Now, we will take the function \(r\) evaluated at the \((x,y)\) sample points and construct a surrogate model, specifically a Gaussian response surface approximation of the “model” by following these steps:

Right click or type to access the node menu and add a Response Surface node, found in the

`Surrogate Modeling and Analysis`

node collectionConnect

boththe`DOE Matrix`

terminal on the Design of Experiments node and the`returnOut`

terminal of the`code`

node to the`matrix/response`

terminal of the Response Surface node.Click on the

`Model`

tab of the Response Surface node and check (under the`fit`

column of the table) the`radial basis function`

model. In the options set the`epsilon`

value to 0.3. For now, the`Function`

and`Smooth`

fields can be left at`multiquadric`

and`0`

, respectively.Now run the sheet by pressing the button. This will send the data from the DOE node to the code node, calculating the response of the “model” at the sample points, and from there onto the RSM node, constructing a Gaussian process surrogate model. The response data can be viewed in the

`Data`

tab in raw table format and in the`Plot`

tab as a 3D surface with response data points from the “actual model” superimposed.

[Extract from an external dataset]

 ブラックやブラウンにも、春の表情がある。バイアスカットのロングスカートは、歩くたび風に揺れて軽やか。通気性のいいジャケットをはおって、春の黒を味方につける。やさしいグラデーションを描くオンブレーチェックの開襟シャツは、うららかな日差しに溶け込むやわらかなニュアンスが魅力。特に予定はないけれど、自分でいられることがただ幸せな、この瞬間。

- Although we now have a surrogate model, we may want to know:
How good is this surrogate?

What is the error in the surrogate relative to the full model?

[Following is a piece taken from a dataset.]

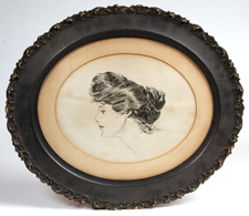 Signed "ERH '04 ofle? C.D. Gibson". Attributed to Charles D. Gibson, famous illustrator of the "Gibson Girls". Original frame. 10 1/2" x 13". EST. $300. - 500. SOLD $99 |

Could we build a better surrogate with different model settings a different model option?

We’ll explore these questions in the following section.

## (Surrogate) Model Error¶

The surrogate constructed in the previous section used a multiquadric radial basis function
without smoothing, i.e., we left the `Smooth`

parameter at the default `0`

value. In this
case, the RBF is a pure interpolator. In other words, each sampled point matched exactly
by the surrogate. If we click over to the `Error`

tab, you may see a little scatter, but this
is only from the (Nodeworks default) 10% holdout for cross validation. If we return to the
`Model`

tab and set the `cross validation points`

to `0`

and refit the model, the parity
plot now shows a perfect 1:1 correlation and the error plot is near single precision numerical
zero.

However, it is unlikely that this, essentially error-free, surrogate is the best candidate.
Although analysis will not be covered in this example, typically the surrogate will be evaluated
at locations in the domain other than the exact sample locations. So, how much error does
the surrogate model incur in those instances? One way to answer this is through cross validation.
A random sub-set of the data are withheld and the surrogate is fit to the remaining data,
the error of which is evaluated with the hold out data. To assess the current surrogate model,
holdout 25% of the dataset for cross validation and re-fit the model. Repeat this procedure
by incrementing the `Smooth`

value and you should notice that the \(L_{2}-norm\) of the
error decreases at first before increasing. The image above shows the trends in full surrogate
\(R^2\) and \(L_2\) error, i.e., without cross validation holdout, and the error from
25% cross validation holdout with 95% confidence intervals from 10 replicate cross validation
fits. When the RBF acts as an interpolator, i.e., without smoothness, all of the noise
from the full model evaluation gets wrapped into the surrogate. (In this case we added our
Gaussian noise in intentionally, but in a real simulation this might be due to computational
errors such as convergence tolerances, statistical errors, etc.) As the smoothness is increased
we stop capturing the noise of each sample until we begin to smooth out some of the underlying
function. This is captured in the cross validation as a minimum in the holdout error.
Of course wider or tighter stencils, `epsilon`

, or a different radial basis `Function`

or a different surrogate modeling choice altogether may produce an even better fit than
the model presented here. Users can test any of the different model options and compare
against the surrogate constructed here using the cross validation metrics.